Apr 05, 2026 13:42 UTC
SPY, IVV, ^GSPC
Long term

The Schwab U.S. Dividend Equity ETF has restructured its portfolio, reducing exposure to energy and materials sectors while increasing healthcare and tech holdings. This move reflects a strategic shift in response to early-year market trends.

  • Schwab U.S. Dividend Equity ETF reconstituted its portfolio by removing 22 stocks and adding 25 new ones
  • Energy and materials sector exposure decreased by 7.1% and 3% respectively
  • Healthcare and technology sectors gained 3.6% and 3.4% exposure after reconstitution
  • ETF maintains a dividend yield more than three times the S&P 500 average
  • Selection criteria include five-year dividend growth, return on equity, cash flow to debt, and dividend yield

The Schwab U.S. Dividend Equity ETF (SCHD) has completed its annual reconstitution, removing 22 stocks and adding 25 new ones.

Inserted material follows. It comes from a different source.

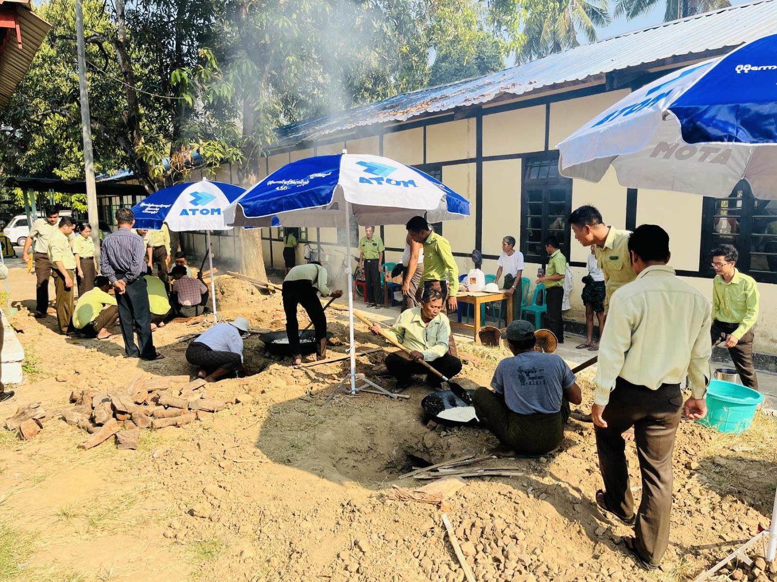 အဆိုပါစုပေါင်းနှမ်းမနဲထိုးပွဲသို့ ခရိုင်အုပ်ချုပ်ရေးမှူးဦးမြင့်သန်းဝင်းနှင့်ဇနီးဒေါ်ခတ္တာထွန်းတို့ တက်ရောက်အားပေးခဲ့ကြပြီး ပြိုင်ပွဲတွင်ခရိုင်နှင့်မြို့နယ်ရုံး ဝန် ထမ်းများက နှမ်းမနဲအပြိုင်အဆိုင်ထိုးနေမှုများအား တာဝန်ရှိသူများကလှည့်လည်အားပေးကြည့်ရှုခဲ့ပြီး မြို့နယ်အထွေထွေအုပ်ချုပ်ရေးဦးစီးဌာနရုံးမှ ပထမဆုအားလည်းကောင်း၊ ခရိုင်အထွေထွေအုပ်ချုပ်ရေးဦးစီးဌာနမှ ဒုတိယဆုအားလည်းကောင်း အသီးသီးဆွတ်ခူးရရှိခဲ့ကြကာ ဆုရရှိသူများအား ခရိုင်အုပ်ချုပ်ရေးမှူး ဦးမြင့်သန်းဝင်းနှင့် ဇနီးဒေါ်ခတ္တာထွန်းတို့မှ ဂုဏ်ပြုချီးမြှင့်ငွေများ ပေးအပ်ချီးမြှင့်ခဲ့ကြောင်းသိရသည်။

This adjustment has led to a significant shift in sector exposure, with energy and materials holdings decreasing by 7.1% and 3%, respectively. The changes come amid a challenging start to 2026 for major market indexes and blue-chip stocks. Dividend stocks remain a popular choice for investors seeking passive income, as they offer payouts that act as a buffer against market volatility. The ETF's strategy focuses on companies that meet four key criteria: five-year dividend growth, return on equity, cash flow to debt, and dividend yield. This vetting process aims to identify sustainable dividend payers while minimizing the risk of yield traps. The reconstitution saw notable exits including AbbVie, Cisco Systems, and Valero, while UnitedHealth Group, Procter & Gamble, and Abbott Laboratories were added to the portfolio. Healthcare and technology sectors gained 3.6% and 3.4% exposure, respectively, following the changes. The decision to reduce energy exposure is particularly noteworthy given the sector's strong performance in early 2026, driven by geopolitical tensions in the Middle East that have boosted oil prices. While the ETF's dividend yield remains more than three times the S&P 500 average, it does not pursue ultra-high yields that may come with greater risk. The fund continues to be positioned as a reliable option for investors seeking consistent, growing passive income through a diversified portfolio of dividend-paying stocks.